Box 5. Jack Phillips : Revusicals, Sketches, Farces, Pantomimes: A-Z / Untitled Texts / Miscellaneous Items / Musical Scores
Box 6. Cremorne Theatre (Bris) including John N. McCallum : Scripts: Miscellaneous Authors: A-S (Produced by John N. McCallum)
Box 7. John N. McCallum / Cremorne Theatre / Miscellaneous: Scripts: Miscellaneous Authors: T-Z (Produced by John N. McCallum) / Programs, Running Order Sheets etc / Will Mahoney Collection / Unidentified and Miscellaneous
Box 8. Documents, Magazines and Correspondence : Programs, Posters and Published Magazines / Legal/Industrial Documents ca. 1920/21 / Unidentified Items / Actors Federation v J.C. Williamson and Others: Legal and Industrial Documents ca.1920/21 / Variation to Industrial Arbitration Act of 1916 by Queensland Branch of Theatrical and Picture Industry, Musicians and Electrical Union /
Box 9. Miscellaneous AuthorsPproductions : Unpublished Scripts: Revusicals, Sketches, Farces and Film/Radio / Tommy Armstrong / Non-Australian Published Texts (Plays/Poetry)
Box 10. Published Music : Songs, Songsters and Scores Published to 1929 / Songs, Songsters and Scores Published from 1931 onwards /
Box 11. Photographs.
Comprising manuscripts, sheet music, correspondence, legal letters, running order sheets and other miscellaneous items, the Nat Phillips Collection came to light only after having been passed on to a Brisbane bric-a-brac shop in the early 1970s.

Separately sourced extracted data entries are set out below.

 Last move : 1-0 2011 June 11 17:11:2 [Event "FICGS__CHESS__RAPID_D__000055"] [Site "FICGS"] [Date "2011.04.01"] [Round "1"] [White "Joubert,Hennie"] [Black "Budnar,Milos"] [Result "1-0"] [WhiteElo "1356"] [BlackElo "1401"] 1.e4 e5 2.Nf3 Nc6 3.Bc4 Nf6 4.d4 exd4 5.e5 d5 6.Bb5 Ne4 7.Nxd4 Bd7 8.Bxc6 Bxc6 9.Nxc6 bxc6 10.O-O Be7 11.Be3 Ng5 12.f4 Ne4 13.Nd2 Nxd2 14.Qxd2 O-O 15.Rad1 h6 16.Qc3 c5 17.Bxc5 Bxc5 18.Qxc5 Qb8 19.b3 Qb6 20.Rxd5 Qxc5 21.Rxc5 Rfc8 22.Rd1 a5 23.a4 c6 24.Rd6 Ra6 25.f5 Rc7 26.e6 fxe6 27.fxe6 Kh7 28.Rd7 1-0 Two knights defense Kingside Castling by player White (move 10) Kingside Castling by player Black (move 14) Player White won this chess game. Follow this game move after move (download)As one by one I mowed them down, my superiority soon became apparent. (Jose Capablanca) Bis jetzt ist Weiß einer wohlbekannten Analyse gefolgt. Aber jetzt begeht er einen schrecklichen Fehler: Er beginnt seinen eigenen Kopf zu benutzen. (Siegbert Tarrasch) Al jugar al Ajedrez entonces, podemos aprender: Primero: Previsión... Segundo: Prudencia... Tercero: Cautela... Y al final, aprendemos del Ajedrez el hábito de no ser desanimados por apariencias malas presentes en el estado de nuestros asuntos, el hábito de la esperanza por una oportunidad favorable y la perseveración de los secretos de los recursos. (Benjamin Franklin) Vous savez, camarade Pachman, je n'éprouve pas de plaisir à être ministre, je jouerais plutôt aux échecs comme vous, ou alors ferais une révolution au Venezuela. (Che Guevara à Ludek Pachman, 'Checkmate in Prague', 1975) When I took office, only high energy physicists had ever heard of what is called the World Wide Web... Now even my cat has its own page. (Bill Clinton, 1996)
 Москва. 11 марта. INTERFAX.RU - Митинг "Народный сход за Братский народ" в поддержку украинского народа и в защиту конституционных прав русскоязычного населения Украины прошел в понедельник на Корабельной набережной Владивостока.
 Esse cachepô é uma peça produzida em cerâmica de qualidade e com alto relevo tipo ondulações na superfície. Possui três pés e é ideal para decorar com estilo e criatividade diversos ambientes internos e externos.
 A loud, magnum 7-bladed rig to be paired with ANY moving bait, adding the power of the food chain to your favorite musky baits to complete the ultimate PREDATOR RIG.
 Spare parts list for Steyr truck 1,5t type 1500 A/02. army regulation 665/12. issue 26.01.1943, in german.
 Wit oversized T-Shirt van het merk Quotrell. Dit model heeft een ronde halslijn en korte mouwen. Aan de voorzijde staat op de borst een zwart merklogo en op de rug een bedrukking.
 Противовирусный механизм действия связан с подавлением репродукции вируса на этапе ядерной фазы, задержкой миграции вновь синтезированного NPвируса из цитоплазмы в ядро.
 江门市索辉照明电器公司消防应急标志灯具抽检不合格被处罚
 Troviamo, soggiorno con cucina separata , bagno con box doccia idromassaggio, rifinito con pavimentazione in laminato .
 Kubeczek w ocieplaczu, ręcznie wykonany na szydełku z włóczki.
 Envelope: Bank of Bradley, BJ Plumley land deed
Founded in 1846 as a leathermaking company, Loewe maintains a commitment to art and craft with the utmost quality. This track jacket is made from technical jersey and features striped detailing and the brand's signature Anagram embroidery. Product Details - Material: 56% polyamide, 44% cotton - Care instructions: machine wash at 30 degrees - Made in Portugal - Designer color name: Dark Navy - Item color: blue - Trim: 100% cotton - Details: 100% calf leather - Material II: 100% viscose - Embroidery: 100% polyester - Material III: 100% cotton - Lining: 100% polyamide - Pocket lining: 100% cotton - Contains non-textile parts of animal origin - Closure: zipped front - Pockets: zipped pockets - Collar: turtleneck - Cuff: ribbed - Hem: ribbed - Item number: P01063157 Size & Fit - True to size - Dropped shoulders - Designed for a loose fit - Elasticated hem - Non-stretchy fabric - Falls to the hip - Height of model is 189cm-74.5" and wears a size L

The 11 boxes came to the attention then University of Queensland lecturer, Dr Robert Jordan (later professor of drama at the University of New South Wales). Jordan notified the Fryer Library of the boxes and they were apparently purchased for a nominal sum. Interestingly, although regarded as having historical significance, the boxes remained in the same state in which they were purchased in for more than thirty years.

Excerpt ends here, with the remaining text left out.